T.C. Weber reminds us that this whole standardized testing thing is a bit of a charade. The only people who really benefit are politicians and bureaucrats.
The test is given in April, yet results don’t arrive until mid-September, way past time to impact students. Students are robbed of valuable instructional time to administer tests, and research has widely shown that the tests typically reflect socio-economic conditions. On top of it all, wide-scale standardized testing is an expensive proposition.

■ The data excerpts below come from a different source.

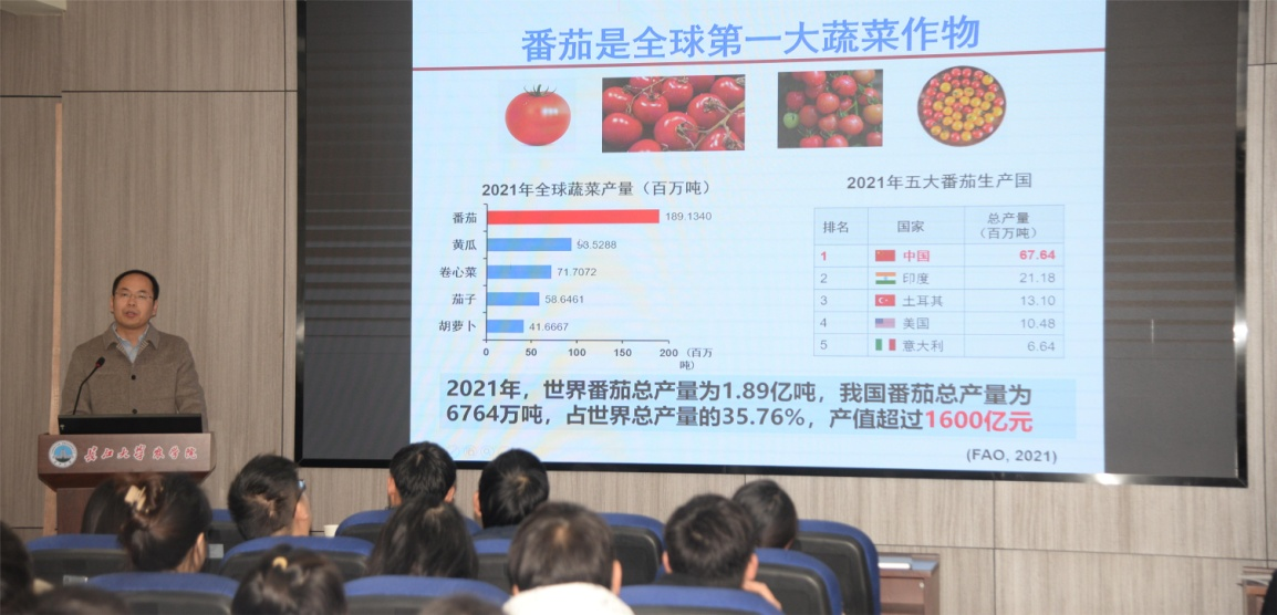 首先,梁文星教授从番茄易发生的病害、防控的困难、病原物的致病过程以及病原物的产生四个方面向师生们全面展示了自己的科学研究。梁教授通过专业的知识讲解和生动的实例让大家对番茄尖孢镰刀菌致病与产孢的机制有了更深层次的认识与了解。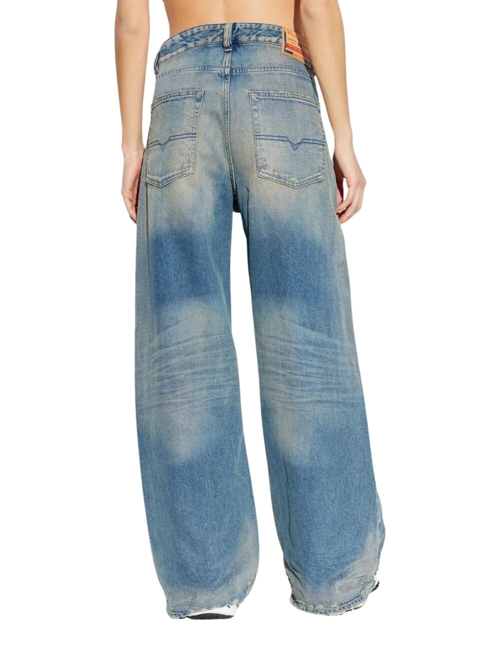 Diesel women`s low-rise jeans with button closure, a low crotch, and an extra-long wide leg. Made from 100% denim with a distressed finish, rips, and abrasions for a destroyed look.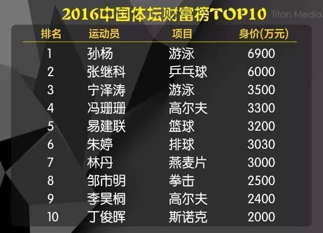 2017年,人们通过一张财富榜排名得知,身为广告常客的张继科身价已达6000万元,和第一名孙杨只差900万,甩开第三名宁泽涛两千多万。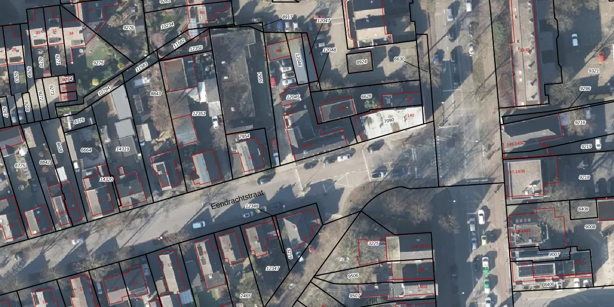 Het perceel waarop Eendrachtstraat 4-D staat heeft een oppervlakte van 569 m². Dit is een groot perceel. De perceeloppervlakte wordt geregistreerd door het Kadaster. Gedetailleerde informatie over de maten van dit perceel kunt u vinden in het rapport Kadastrale kaart met maatvoering van Eendrachtstraat 4-D.

Big testing is a big business.
As a business, those that cashed the checks from the state education departments and individual school districts were undoubtedly aware that it couldn’t last forever. When sales of supplementary materials began drying up, new products were developed. They milked an old cow in one barn while raising a calf in the other.
Hence the development and increased implementation of screeners (assessments).
In Tennessee, screeners have been in place for quite some time as part of RTI legislation. All districts have long been required to administer a screener in math and English/Language Arts to students 3x a year. In the past, the districts set the assessment calendar and didn’t share the data. This year, that changed.
New legislation requires districts to continue to assess, or screen, three times a year, but now the TN Dept. of Ed. sets the schedule, and districts must turn the data over to the state within two weeks of testing. The state has even crafted a designated universal screener that they will pay for if local districts adopt it.
So, if we have brand new, up-to-date data, why are we celebrating a school’s Reward status based on a test administered six months ago? If our goal is to make data-driven decisions, shouldn’t we also commit to using the most current data available?
Weber reminds us that we don’t plan our family’s Fall dinner meals based on the kids’ tastes in April.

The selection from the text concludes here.